FF went further than swipes against its opponents by trying to get rid of proportional representation in 1959 and 1968, both referendums resulting in defeat. It argued the case in 1968 that with the straight vote system “you will be sure that your vote is used to elect the candidate you want instead of benefitting a man you do not want as has happened with PR [proportional representation]”.

Patronising the electorate in this way was unwise, especially given contemporary research highlighting that with the straight vote FF would get 70 per cent of the seats on 40 per cent of the vote, widely regarded as a potential “fraud against democracy”.

At a later stage, FF contended that non-participation in coalition was a “core value”, but at the very time FF’s Pádraig Flynn was trumpeting this position during an RTÉ radio interview in 1989, his party leader Charles Haughey was ensconced in a meeting with the Progressive Democrats leader Des O’Malley, indicating he would concede two cabinet posts to the PDs. Asked by a backbencher how he would sell this to cabinet colleagues, Haughey barked “they are only a crowd of gobshites”.

As is suggested by the 1948-51 experience, emphasising ideological 'purity' in a hybrid government can lead to destabilisation

Many who supported Labour in 1992 when the party won 33 seats were perturbed at its decision to govern with FF, but arguments about stability, national interest and putting manners on arrogant, long-time dominators of politics were marshalled. In truth, given our electoral system, and recent political fragmentation, we really do not know what government we are voting for.

For all the talk of new dawns, the idea of FF and FG sharing power is not unprecedented. FG leader Alan Dukes had a chat with Haughey in 1989 about the possibility of such a grand coalition. The price for Dukes’s support was seven out of 15 cabinet posts and a revolving taoiseach. I suspect Haughey’s private reaction to that involved the use of even stronger expletives than “gobshites”.

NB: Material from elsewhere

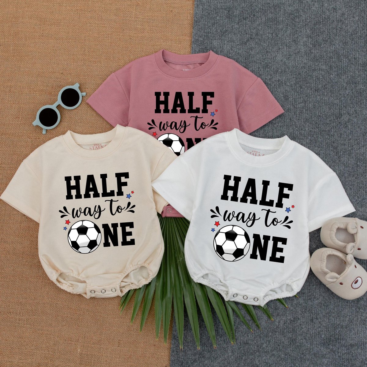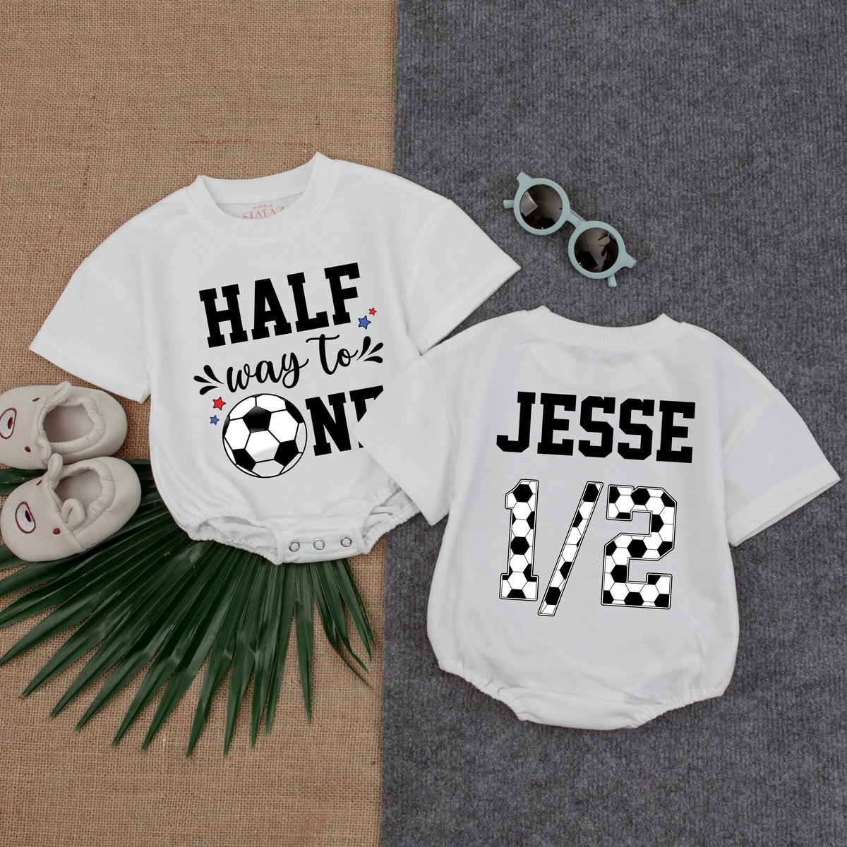 Custom Halfway To One Romper Short SleeveSoccer Half Birthday 12 Birthday Outfit Six Month Birthda 431

While the numbers game has changed dramatically the historical experiences remain relevant to possible coalition formation and assessing what can be realistically achieved. Smaller parties require a strong sense of what they must or need to prioritise. Clann na Poblachta lost eight of its 10 seats coming out of the 1948 coalition, paying a price for vicious internal disputes, no shortage of arrogance and what its own Noël Browne characterised as its “utopian wooliness”. Browne also admitted in his memoir that he was not quite sure what the party stood for.

As is also suggested by the 1948-51 experience, emphasising ideological “purity” in a hybrid government can lead to destabilisation, and considerable skill is needed to manage inter-party relationships effectively, something Costello managed well given the scale of his task.

The Labour party in that government also brought considerable focus and action to its main priority: building houses. A brochure produced by the coalition proudly announced Ireland is Building, inaugurating a 10-year plan to build 110,000 houses. A slogan, surely, for our times too.